(Dataset entries)

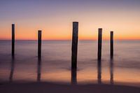 Zonsondergang bij Palendorp Petten. Dit palendorp staat op het strand in Petten en is een mooi kunstwerk bestaande uit 160 palen van 6m tot 12m hoog. De palen staan in de vorm van 10 huizen en een kerk. Het is een herinnering aan het lang geleden door zee overspoelde oude Petten.
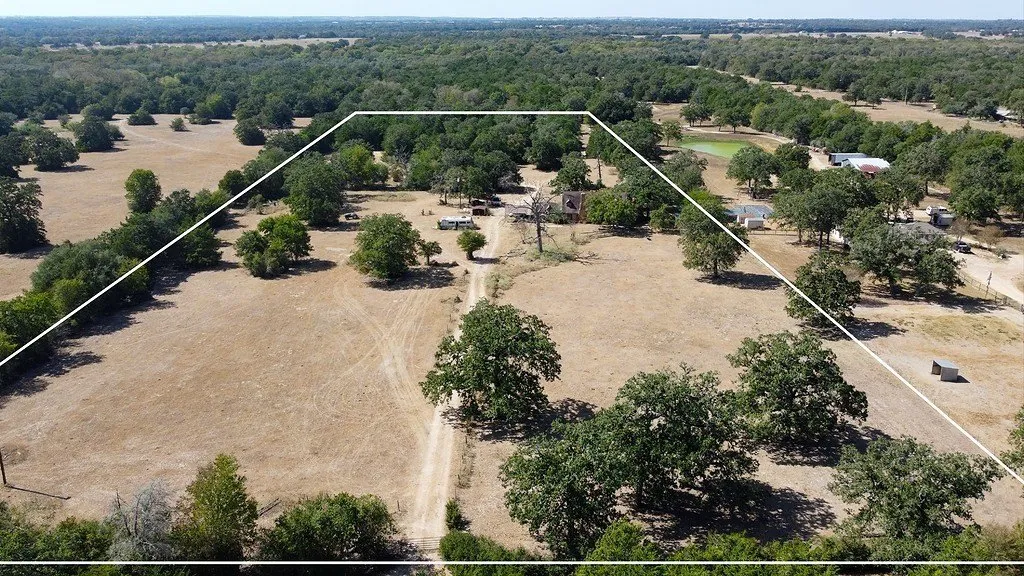 The front of the property boasts open spaces with scattered trees, perfect for livestock or outdoor activities. The back offers more dense hardwoods, providing privacy and a natural backdrop.
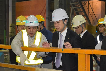 長崎市に集積する造船所の様子を視察する田中副大臣
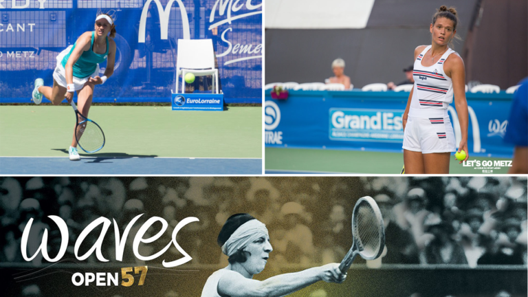 465 Alors que sa dixième édition touche bientôt à sa fin, ce Samedi 06 Juillet avaient lieu les deux demi finales de la cuvée 2019 du Waves Open 57. Myrtille Georges et Chloé Paquet, ont respectivement écarté Irina Ramialison et Manon Arcangioli pour se qualifier en finale. Les deux joueuses ont accepté de répondre à trois de nos questions avant de se retrouver une dernière fois sur le court central ce Dimanche à 15h00. Myrtille Georges Let’s Go Metz: Pour votre première entrée dans le tournoi, le contrat est plutôt rempli: une victoire contre Margot Yerolymos, le titre en double et à présent une qualification en finale. Pourquoi ne pas être venue à Moulins les années précédentes ? Myrtille Georges: En fait, ma programmation faisait que je jouais sur terre battue, après je sais qu’il y a beaucoup de filles qui viennent jouer ici et qui vont à Contrex derrière mais moi j’ai besoin de beaucoup plus de temps pour m’habituer aux surfaces donc à chaque fois j’hésitais même si je n’en entendais que du bien mais comme cette saison je ne passe pas par la terre battue et que je vais direct sur dur, je me suis dit que c’était l’occasion parfaite… Après, effectivement c’est un tournoi vraiment sympa que j’aurais peut être aimé connaitre plus tôt mais là c’était vraiment le bon moment pour moi. LGM: Irina Ramialison que vous affrontiez en demi finale vous avait battue en simple il y a quelques mois, est ce que ce match était une petite revanche ? MG: Oui, j’ai dû la battre une fois, une victoire sur six matchs je crois donc là on est à deux sur sept… Donc j’ai rarement gagné contre elle et j’étais vraiment concentrée, j’ai très bien commencé et j’ai essuyé une petite baisse de régime mais j’avais vraiment envie de bien faire et de me prouver que je pouvais la battre et que j’arrête de trop penser. LGM: Vous étiez la première qualifiée pour la finale, j’imagine que vous avez observé le match entre Chloé Paquet et Manon Arcangioli de très près… Doit on attendre des étincelles entre vous et Chloé Paquet sur le court demain après midi ? MG: Oui, j’ai vu le match. Je connais bien Chloé, je sais comment elle est, on joue ensemble aux matchs par équipe , on se voit toute l’année sur le circuit, on tape ensemble… Donc on se connaît c’est sûr, après elle a un gros service… Donc j’espère que cela va être une bonne finale, un bon combat et que chacune va donner le meilleur. On aura toutes les deux envie de le gagner donc j’espère que ça va être sympa pour tout le monde ! Chloé Paquet Let’s Go Metz: Vous retrouvez le Waves Open après votre titre en double l’an passé et une défaite en finale pour le simple, c’est un tournoi bien ancré dans votre agenda à présent ? Chloé Paquet: Oui, j’adore ce tournoi ! C’était ma première fois l’année dernière et tout de suite après la finale j’ai dit que j’allais revenir. C’est vraiment très agréable de jouer ici sur un beau central, tout est réuni pour venir jouer au tennis donc bien sûr je suis revenue cette année avec plaisir. LGM: Pour votre second match en simple dans le tournoi vous venez d’écarter Manon Arcangioli, une joueuse que vous connaissez bien et qui vous a donné du fil à retordre, pouvez vous nous parler de l’état d’esprit dans lequel vous étiez pour ce match ? CP: C’est vrai que de jouer Manon ce n’est pas évident, on se connaît depuis toujours et on est de la même année, je suis pas hyper fan de son jeu quand on est face à face. Je ne me sentais pas très bien dans ce match mais il fallait se battre pour gagner et c’est ce qui s’est passé. Parfois on se sent pas au top et faut faire avec, ce n’était pas mon meilleur match de la saison mais la victoire est là malgré tout. LGM: A présent vous vous dirigez vers la finale et allez affronter une autre joueuse que vous connaissez bien: Myrtille Georges. A quel type de finale doit on s’attendre ? CP: Je pense que ça va être une belle finale, Myrtille a un super jeu, elle joue bien sur cette surface donc ça va vraiment être intéressant pour moi. Il va falloir que j’élève mon niveau de jeu par rapport à aujourd’hui, c’est sûr, car sinon contre Myrtille ça ne va pas passer. Mais oui je la connais aussi, je connais ses forces et ses points faibles, j’espère que ça sera une belle finale pour le public et on va tout donner. Retrouvez notre fil rouge du Waves Open 57 à cette adresse et ne manquez aucune actualité du tournoi ! Propos recueillis par Matthieu Henkinet et retranscrits par Julien Buret Crédit photo: Matthieu Henkinet
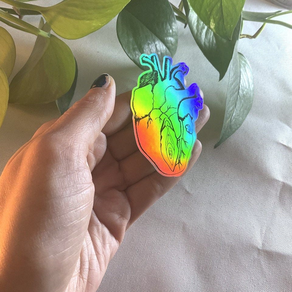 Introducing the sparkling Holographic Heart Vulva Sticker, a captivating blend of art and anatomy that adds a touch of bold expression to your belongings. Perfect for those who appreciate the beauty of the human form and want to make a statement, this sticker is crafted with meticulous detail to showcase the intricate beauty of both the heart and vulva. Let your personality shine with this bold and unique sticker. It's a conversation starter and an artistic representation of the human body, celebrating both its beauty and complexity. Elevate your style and make a statement with the Heart Vulva Sticker, a celebration of empowerment and the beauty of the human body. Ideal for personal use or as a thoughtful gift, this sticker is bound to turn heads and spark conversations wherever it goes.
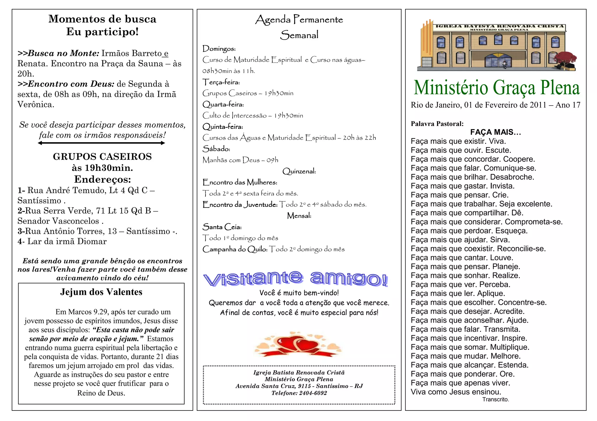 2) Também fornece informações sobre uma campanha de jejum, a biblioteca da igreja, e detalhes sobre uma festa de aniversário de um ministério feminino.

> _Exercise brief_
From the first line of the records through the line containing "長崎市に集積する造船所の様子を視察する田中副大臣", please output exactly those lines and nothing more, leaving out the pictures.

> _Answer for this exercise_
 Zonsondergang bij Palendorp Petten. Dit palendorp staat op het strand in Petten en is een mooi kunstwerk bestaande uit 160 palen van 6m tot 12m hoog. De palen staan in de vorm van 10 huizen en een kerk. Het is een herinnering aan het lang geleden door zee overspoelde oude Petten.
 The front of the property boasts open spaces with scattered trees, perfect for livestock or outdoor activities. The back offers more dense hardwoods, providing privacy and a natural backdrop.
 長崎市に集積する造船所の様子を視察する田中副大臣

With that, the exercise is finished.